Get it off me! Get it off me!
Sometimes the mind plays tricks on you.
Especially - and studies will back me up on this - if you're a really smart person with a vivid imagination.
This type of person will, for example, become more frightened while watching a horror movie than, say, some brainless dullard who gets lost in the plot.
So, technically speaking, the smarter you are, the more active your imagination and the greater your "fear factor."
And this is not only true as it relates to movies. It's also true in your everyday, ordinary, regular, day-to-day life experiences.
As I have previously mentioned in other writings, we have a couple of cats at our house. We keep two little bowls of dry cat food in the mud room so they'll have something to munch on between feedings.

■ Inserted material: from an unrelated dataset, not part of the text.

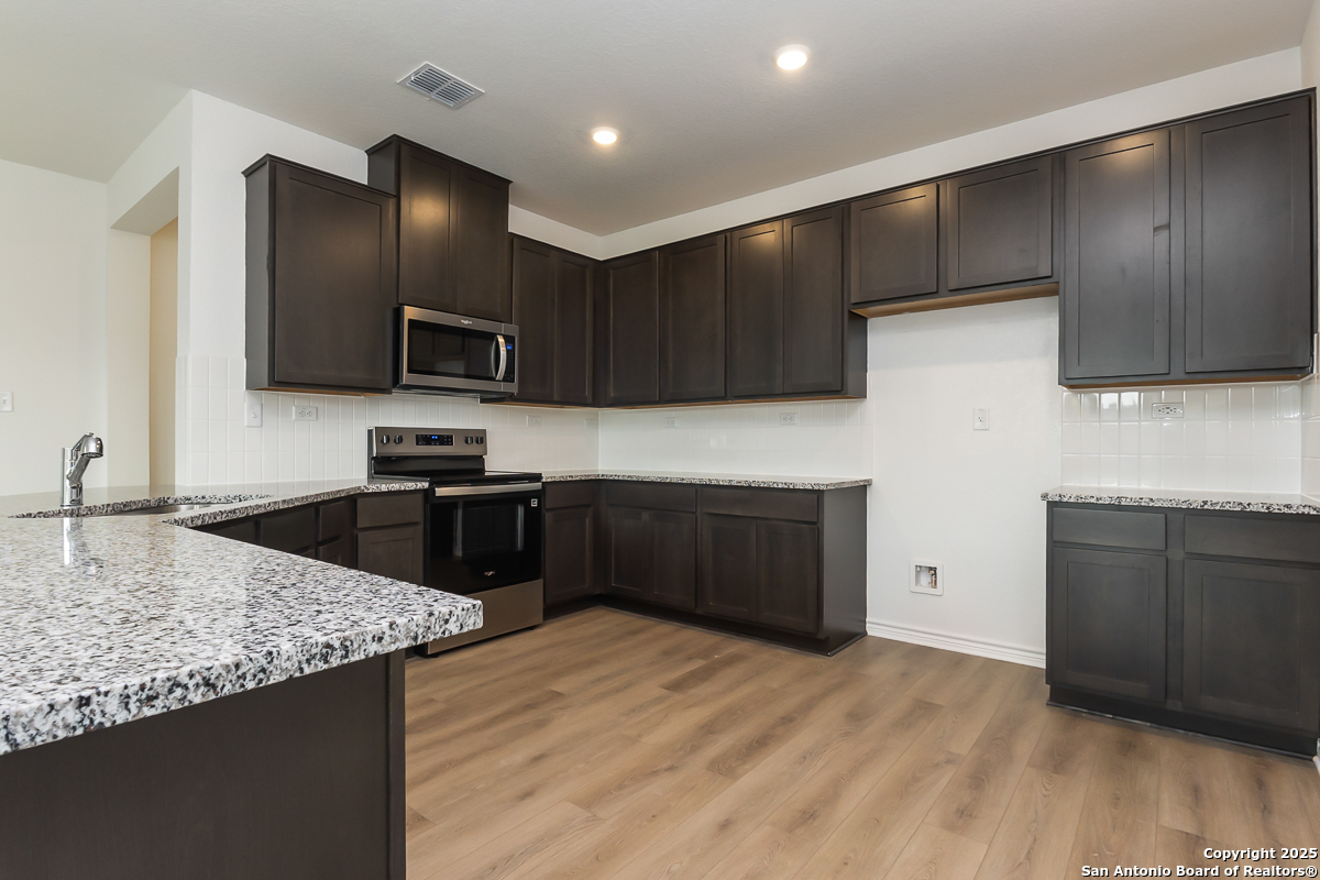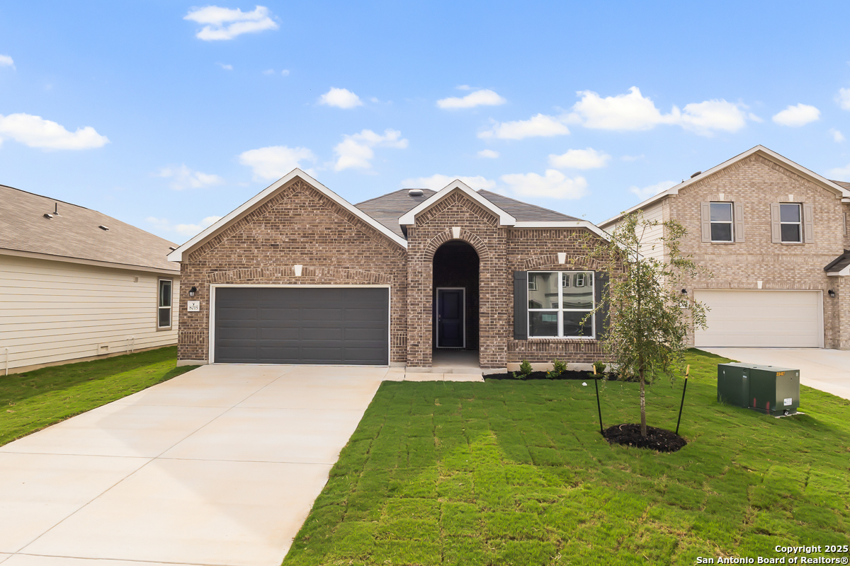 This inviting home boasts 9-ft. first-floor ceilings, creating a bright and open atmosphere. The stylish kitchen features Whirlpool stainless steel appliances, Woodmont Dakota Shaker panel 42-in. upper cabinets, a Daltile tile backsplash, and an extended breakfast bar. The primary bath offers a raised vanity, upgraded cabinets, and a 42-in. garden tub/shower with a Daltile tile surround. Elegant touches include GenerationsTM lighting fixtures, a Carrara-style entry door, Kwikset Polo knob interior hardware, and durable vinyl plank flooring in the kitchen, great room, and bathrooms. Additional highlights include a wireless security system, an automatic sprinkler system, and a fully sodded yard for easy outdoor maintenance.

In the closet at the end of the mud room is kept a large (18-lb.) bag of dry cat food and in the bag is kept a little plastic cup used to scoop the food out.
The bag is ALWAYS in the same place and the little plastic cup is ALWAYS INSIDE the bag, so usually I don't even open the closet door all the way - I just open the door a little and feel for the hole in the top of the bag and reach inside it until I find the cup and then scoop it full of food.

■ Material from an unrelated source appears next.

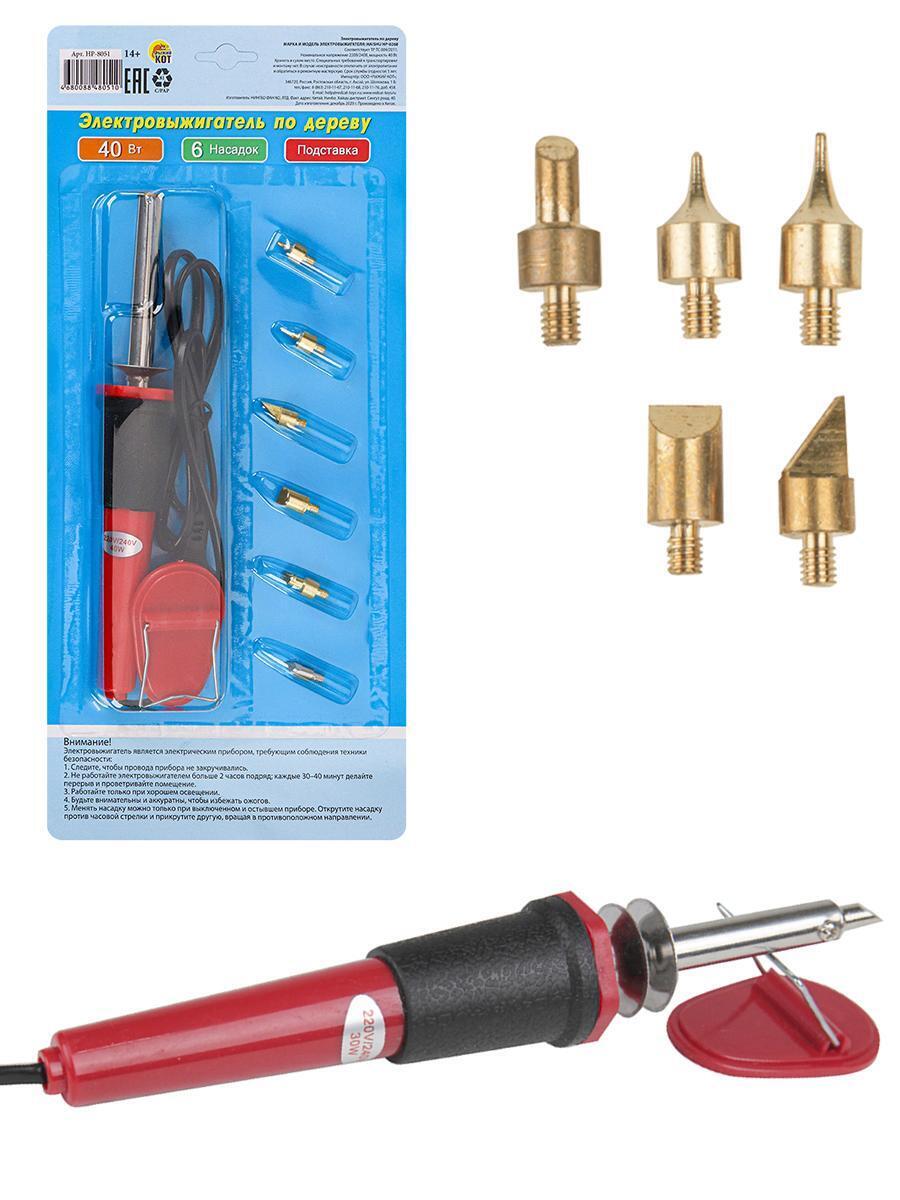 Функциональность: Электровыжигатель оснащен мощностью 40 Вт, эргономичной рукояткой и металлическим наконечником для точной работы. В комплект входит 6 сменных бронзовых насадок разнообразных форм, что позволяет создавать уникальные узоры, рисунки и рельефы на дереве, фанере, а также на бумаге и других материалах. Устройство удобно держать в руке, а металлическая подставка обеспечивает безопасное хранение и использование.
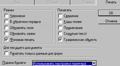 Если диалоговое окно Параметры вызвано не из диалогового окна Печать, то закладка Печать может быть неактивной, в этом случае следует щелкнуть по нужной закладке левой клавишей мыши.

I do this all the time. However, my wife occasionally places things in certain locations where they've never been before and this almost always results in great angst on my part.
The other day I went to the closet to perform this routine task. I cracked the door open and reached inside to feel for the cat food bag. At some point between this time and the last time I performed this task, my wife had placed one of those Swiffer duster things (it's sort of like a feather duster, only softer and more fuzzy) in the closet on top of the cat food bag.
So instead of the familiar feel of the top of the cat food bag, there was this very furry and somewhat lifelike entity into which my hand suddenly disappeared.
Well sir, try to imagine what went through my mind.
"IT'S A RACCOON!" my over-active imagination screamed at me. "IT'S A RACCOON THAT HAS SOMEHOW GOTTEN INTO THE CLOSET FROM UNDER THE HOUSE AND IT'S PROBABLY RABID AND AT ANY SECOND IT'S GOING TO CLAMP IT'S RAZOR-LIKE TEETH ONTO YOUR HAND AND THEN YOU ARE SO DEAD MISTER!"
Well, I did what any normal, rational, calm and collected adult human being would do in a case like that.
I screamed like a little girl.
YAA-AAA-RRR-GGG-HHH! AAAHHH! AAAHHH!
I jerked my hand out of there and the duster thing somehow got stuck between my fingers so here I went running outside (JUST IN CASE IT WAS A RACCOON, IT MIGHT SEE THE TREES AND REALIZE IT WAS BEING SET FREE AND LET GO OF MY HAND AND RUN OFF AND MAYBE I WOULD SURVIVE AND MAYBE THE DOCTORS COULD SAVE MY HAND - THEY'RE DOING WONDERFUL THINGS THESE DAYS WITH RECONSTRUCTIVE SURGERY).
So here I went a running and a screaming and a trying to beat that duster thing off the end of my arm with my free hand.
I ain't lying y'all. That danged thing nearly scared me to death.
Fear is a powerful thing.
I was flipping through the TV channels Sunday night and the movie "Cujo" was on and I hit the button on the remote that makes the TV display a brief description of the movie. It said, "bitten by a rabid bat, a huge dog traps a Maine woman and her young son in their Ford Pinto."
WOW! HOW SCARY WOULD THAT BE?
That would be way more frightening than, say, thinking you were being eaten alive by a rabid raccoon.
Imagine the horror. Trapped in a Ford Pinto. GULP!
Gives me cold chills just thinking about it.